Thursday, June 30, 2011

June 30 1908


The Tunguska Event - The biggest natural explosion in modern history.
There's good reasons why the reptilians have been underground.

"The Tunguska event, or Tunguska blast or Tunguska explosion, was an enormously powerful explosion that occurred near the Podkamennaya Tunguska River in what is now Krasnoyarsk Krai, Russia, at about 7:14 a.m. KRAT (0:14 UT) on June 30 , 1908.

The explosion is believed to have been caused by the air burst of a large meteoroid or comet fragment at an altitude of 3–6 mi above the Earth's surface. Different studies have yielded varying estimates of the object's size, with general agreement that it was a few tens of metres across."

"Although the meteoroid or comet burst in the air rather than hitting the surface, this event is still referred to as an impact. Estimates of the energy of the blast range from 5 to as high as 30 megatons of TNT , with 10–15 megatons of TNT the most likely—roughly equal to the United States' Castle Bravo thermonuclear bomb tested on March 1, 1954, about 1,000 times more powerful than the atomic bomb dropped on Hiroshima, Japan, and about one-third the power of the Tsar Bomba, the largest nuclear weapon ever detonated. The explosion knocked over an estimated 80 million trees covering 2,150 square kilometres (830 sq mi). It is estimated that the shock wave from the blast would have measured 5.0 on the Richter scale."

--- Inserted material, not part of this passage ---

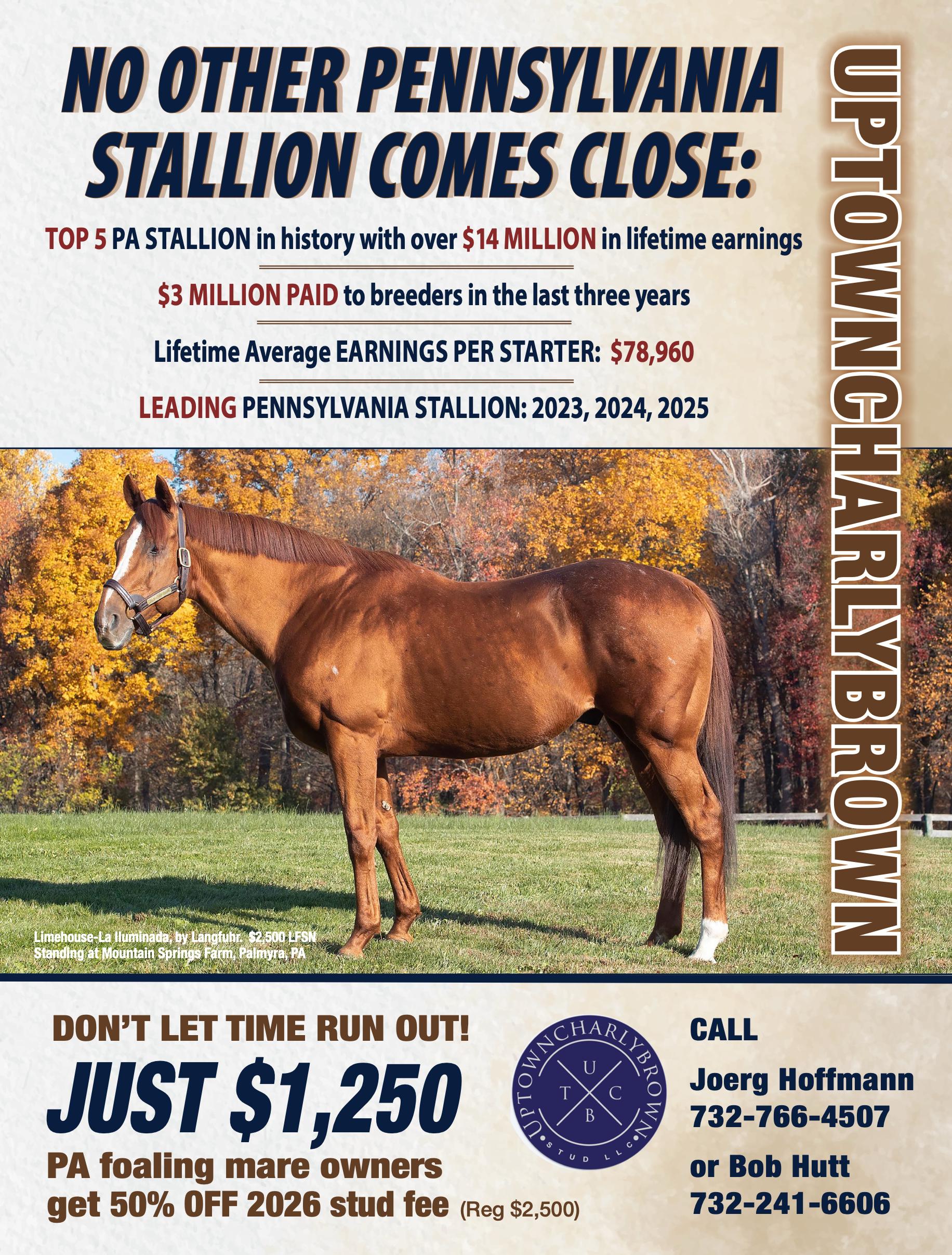 Uptowncharlybrown was only the second stallion in Pennsylvania history to eclipse the $200,000 mark in stallion awards having done so twice in 2023 earning $236,389 when joining the immortal, Jump Start and was Pennsylvania’s leading stallion once again in 2024 earning $225,115. For 2025 at midyear he’s poised to crack the $200,000 barrier for a third consecutive year as he’s already eclipsed the $100,000 barrier. He’s far and away Pennsylvania's leading sire in 2025 stallion awards as he leads all other Pennsylvania stallions by a wide margin.

"An Irkutsk newspaper dated 2 July reported that, in a village more than 200 miles from the Tunguska river, peasants had seen a fireball brighter than the sun approach the ground, followed by a huge cloud of black smoke, a forked tongue of flame and a loud crash as if from gunfire.
All the villagers ran into the street in panic. The old women wept and everyone thought the end of the world was approaching.
Nearly 400 miles south-west of the explosion, at 7:17 a.m. on 30 June, a train driver on the Trans-Siberian express had to stop his train for fear of derailment due to the tremors and commotion. In towns 300 to 400 miles away, hurricane-like gusts rattled doors, windows and crockery. This was followed within minutes by shock waves which knocked down horses and hurled people working on boats into the river."